__Goal of the exercise__
Images should not appear in the copy, yet every line of the listing below must be printed exactly.

---- Supplied material

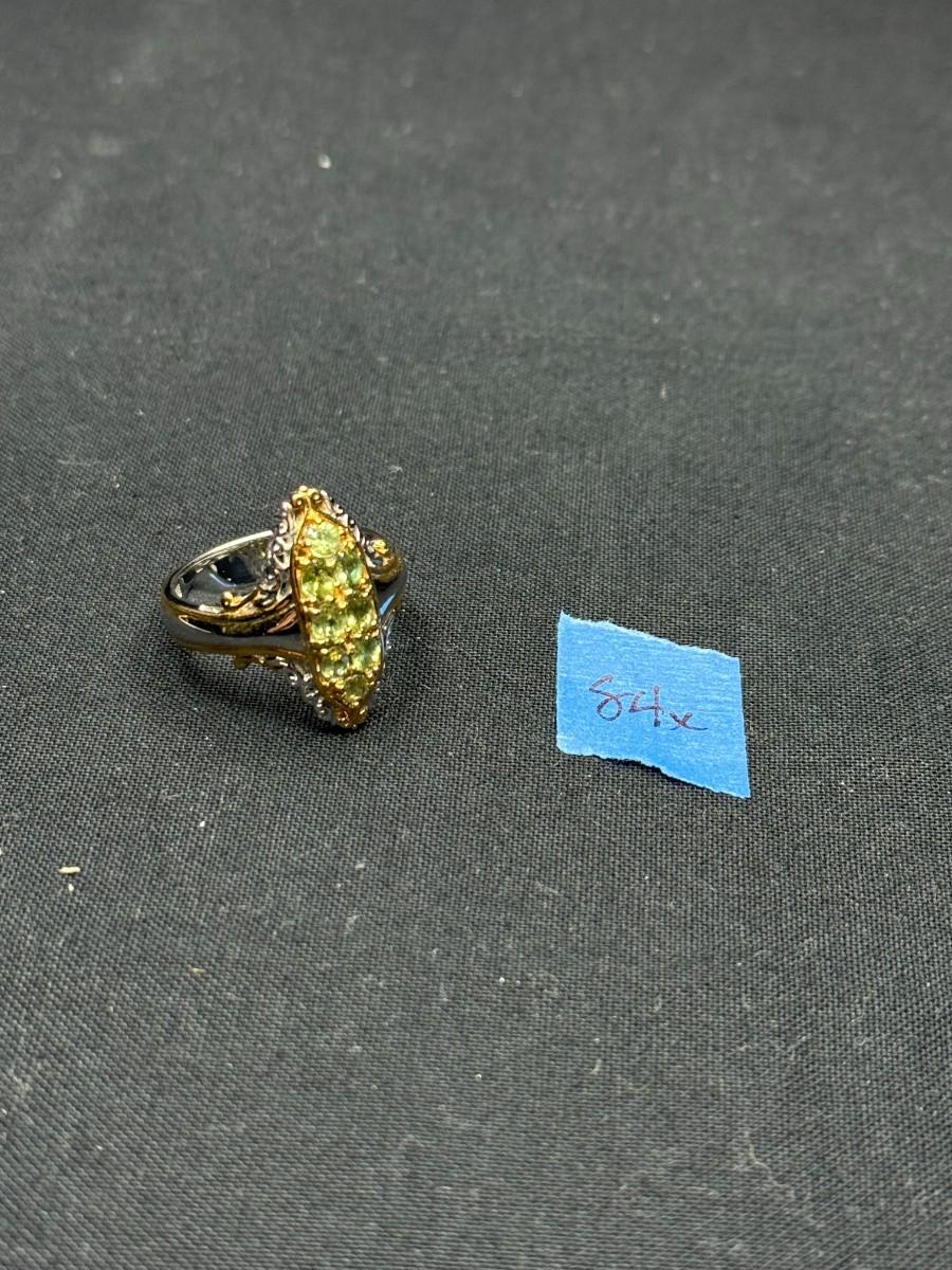Sava Sphene Elongated Ring in Vermeil Yellow Gold and Platinum Over Sterling Silver
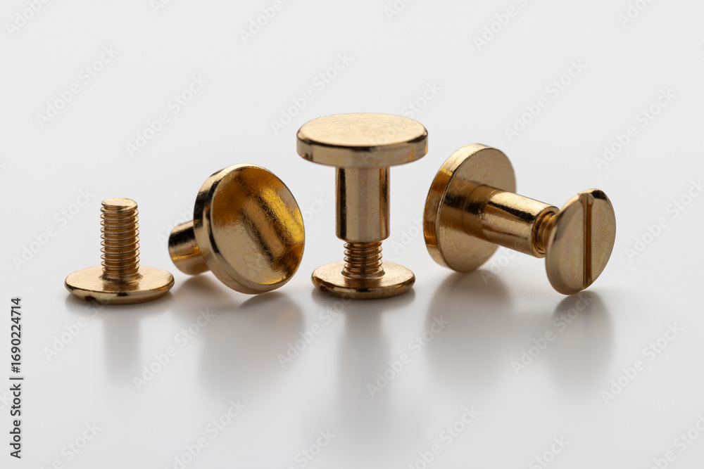Rivets and screws for leather goods made of yellow metal. White background, isolated, light and shadow.
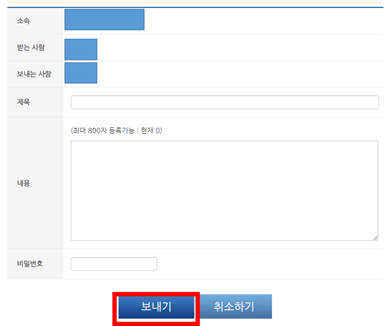 편지작성을 완료하면 보내기를 누르면 된다.

--------

__Written solution__
Sava Sphene Elongated Ring in Vermeil Yellow Gold and Platinum Over Sterling Silver
Rivets and screws for leather goods made of yellow metal. White background, isolated, light and shadow.
 편지작성을 완료하면 보내기를 누르면 된다.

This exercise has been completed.